▸ **Task instructions**: What is needed is an exact copy of the lines in the entries below from the one holding "Crafted from ethereal" through the one holding "Research Article - 7", pictures excluded.

[Stored entries]
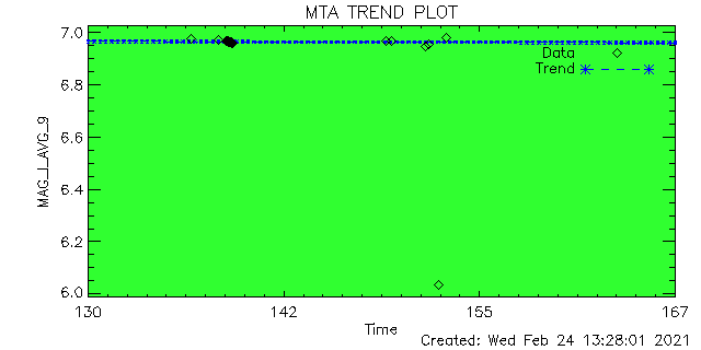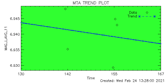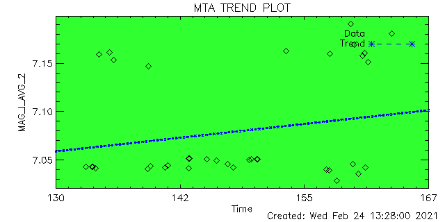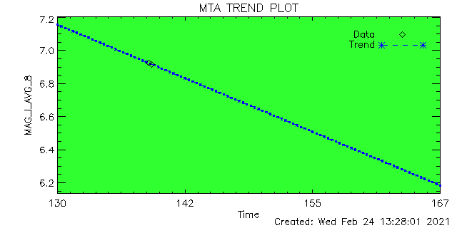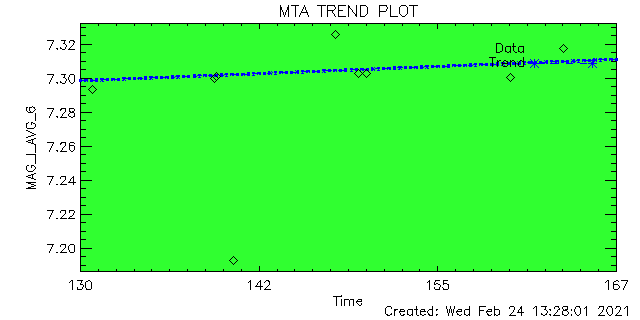 ID | ID String | Magnitude | Data Quality (%) | Total Data | Average | Min | Max | Good | Marginal | Bad | 1 | ACIS-1 | 7.131 | 6.895 | 7.190 | 100 | 0 | 0 | 5 | 2 | ACIS-2 | 7.079 | 6.331 | 7.210 | 100 | 0 | 0 | 37 | 3 | ACIS-3 | 7.304 | 6.784 | 7.371 | 100 | 0 | 0 | 7 | 4 | ACIS-4 | 7.164 | 6.539 | 7.312 | 97 | 0 | 2 | 45 | 5 | ACIS-5 | 7.164 | 5.811 | 7.686 | 100 | 0 | 0 | 45 | 6 | ACIS-6 | 7.290 | 7.031 | 7.349 | 100 | 0 | 0 | 8 | 7 | HRC-I-1 | 6.861 | 5.878 | 7.466 | 100 | 0 | 0 | 29 | 8 | HRC-I-2 | 6.920 | 6.909 | 6.933 | 100 | 0 | 0 | 2 | 9 | HRC-I-3 | 6.932 | 5.716 | 7.562 | 100 | 0 | 0 | 29 | 10 | HRC-I-4 | 6.889 | 5.699 | 6.959 | 100 | 0 | 0 | 29 | 11 | HRC-S-1 | 6.940 | 6.321 | 7.575 | 100 | 0 | 0 | 5 | 12 | HRC-S-2 | 0.000 | 0.000 | 0.000 | 0 | 0 | 0 | 0 | 13 | HRC-S-3 | 6.943 | 6.381 | 7.045 | 100 | 0 | 0 | 5 | 14 | HRC-S-4 | 6.957 | 6.741 | 7.300 | 100 | 0 | 0 | 5 |
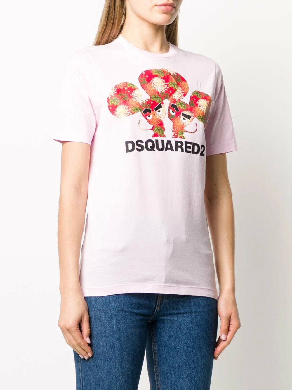 T-shirt imprimé en coton Dsquared2 avec encolure ras du cou, manches courtes, imprimé graphique, logo imprimé sur le devant et coupe slim.
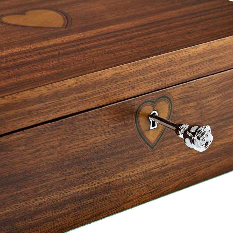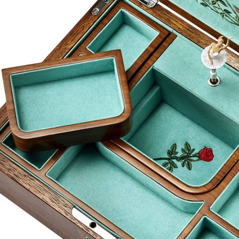 À l'intérieur, l'espace est organisé pour accueillir et protéger vos bijoux. Il comprend 8 compartiments habillés d'une doublure LusterLoc™ turquoise, conçue pour aider à prévenir le ternissement. Un miroir en forme de cœur et un décor brodé représentant le château et la roseraie complètent l'intérieur. La boîte est également dotée d'un mécanisme musical : à l'ouverture, deux ballerines interchangeables peintes à la main, tournent sur la Valse de La Belle au bois dormant de Tchaïkovski. Une clé à thème rose vient compléter l'ensemble.
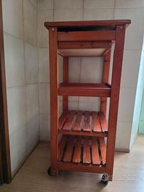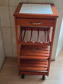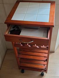 carrello pratico e funzionale, perfetto per organizzare al meglio il tuo spazio. piano superiore con finitura in ceramica. scomparto porta bottiglie. due ripiani a listelli. cassetto con maniglia. ruote per un facile spostamento.
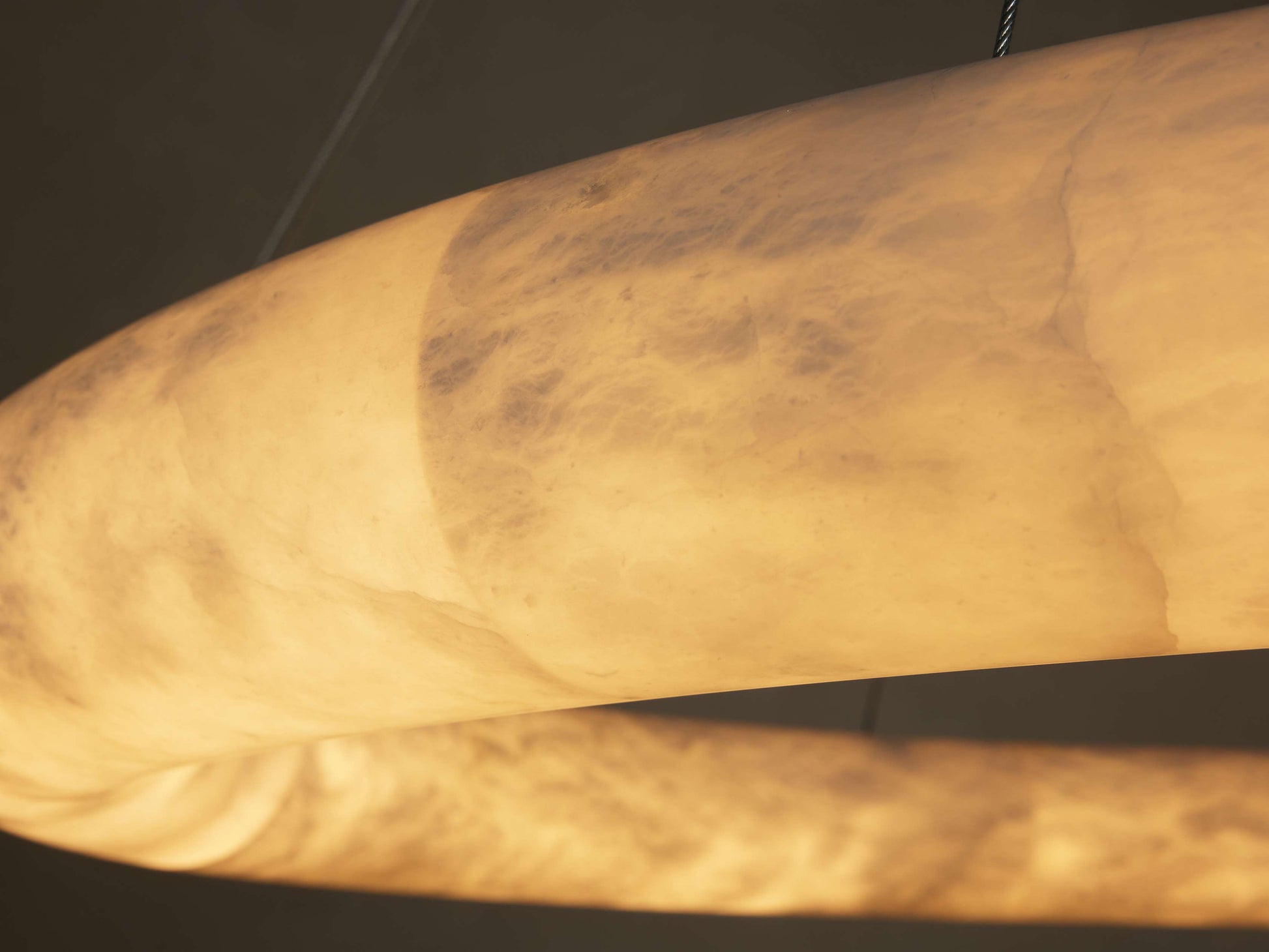 Crafted from ethereal Spanish alabaster, our Halima Lighting Collection glows from within―its integrated LED lights casting a warm, diffused radiance through the stone’s natural veining. Suspended by minimalist cables, Halima’s sleek design floats effortlessly overhead, blending timeless materiality with modern style.
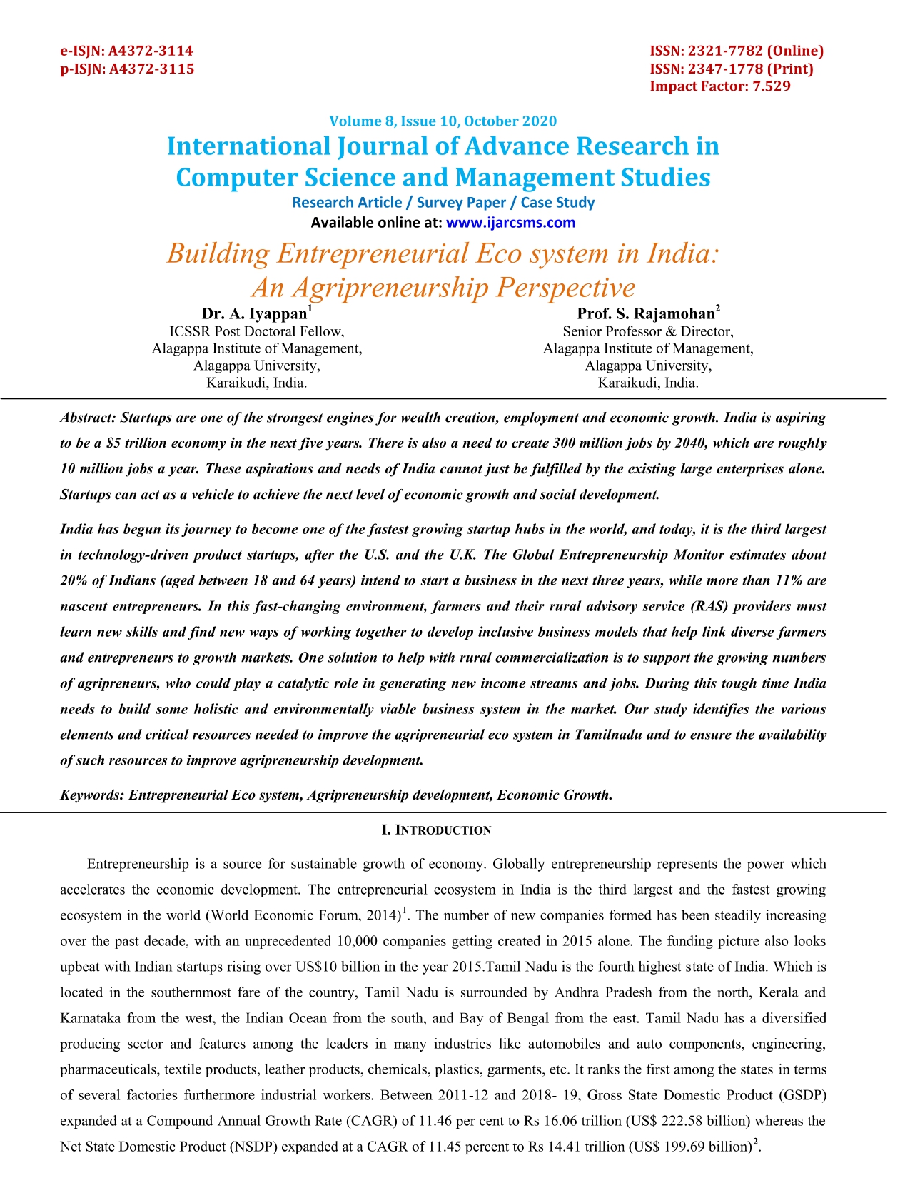 Research Article - 7 : Building Entrepreneurial Eco system in India: An Agripreneurship Perspective
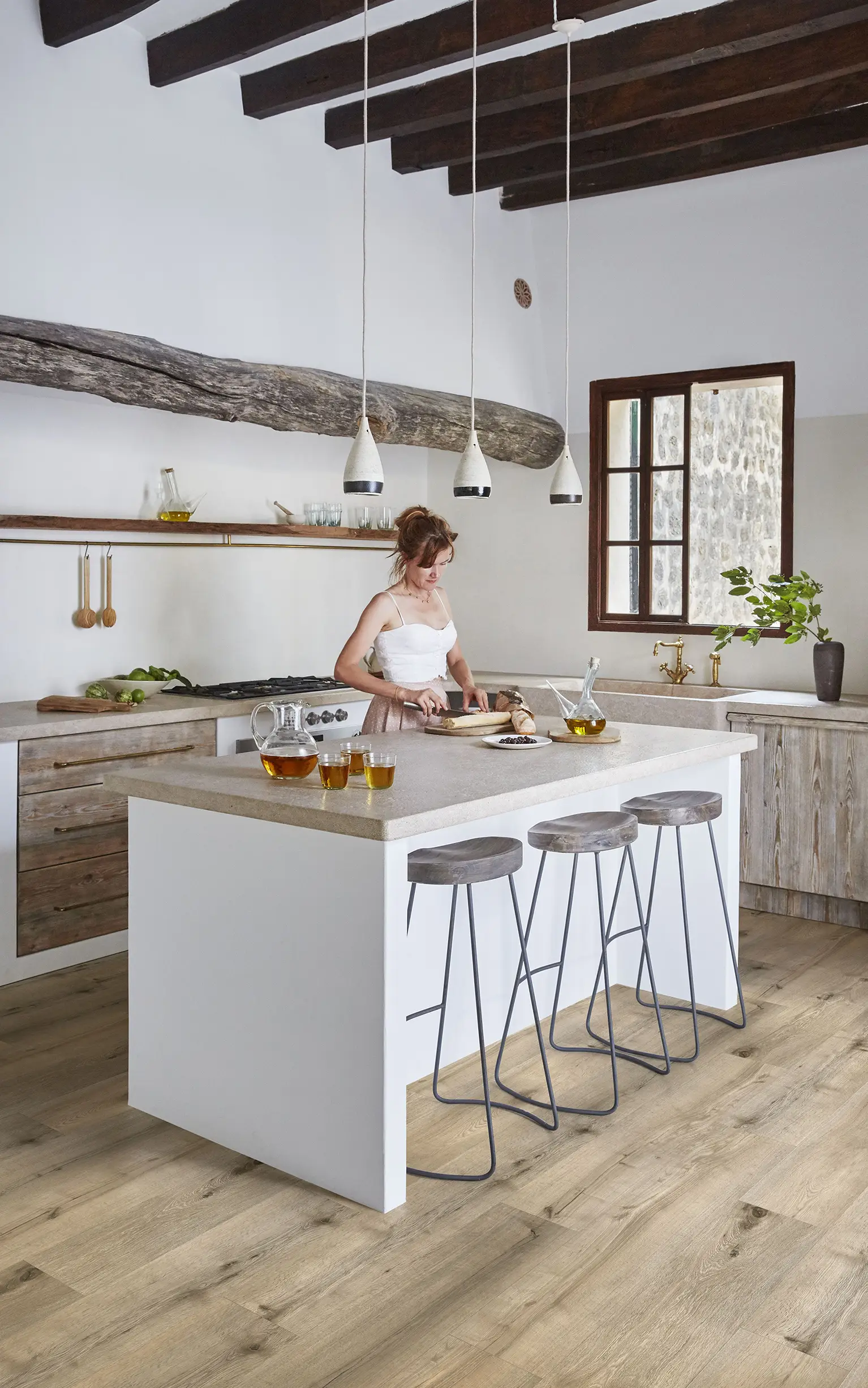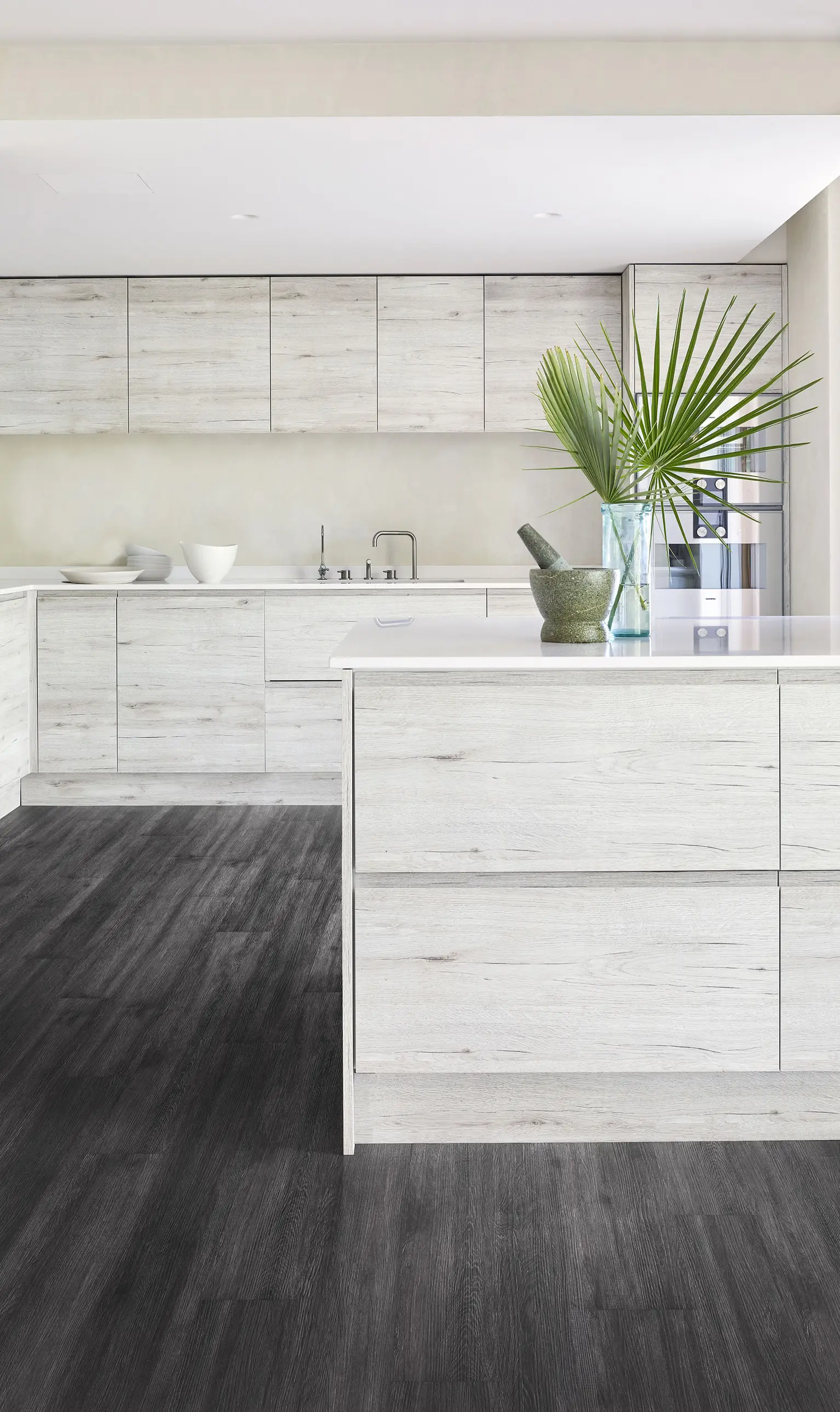 Verlegen Sie die Dielen entlang der Raumlänge, um die natürlichen Proportionen des Raumes zu betonen. Wenn Sie einen Klick-Vinylboden schwimmend verlegen, achten Sie darauf, dass umlaufend eine Dehnungsfuge von mindestens 10 mm zu den Wänden eingehalten wird. Zudem sollte die Bewegungsfähigkeit eines schwimmend verlegten Bodens nicht durch schwere Möbel wie Küchenzeilen oder Schrankwände behindert werden.

▸ **Task output**:
 Crafted from ethereal Spanish alabaster, our Halima Lighting Collection glows from within―its integrated LED lights casting a warm, diffused radiance through the stone’s natural veining. Suspended by minimalist cables, Halima’s sleek design floats effortlessly overhead, blending timeless materiality with modern style.
 Research Article - 7 : Building Entrepreneurial Eco system in India: An Agripreneurship Perspective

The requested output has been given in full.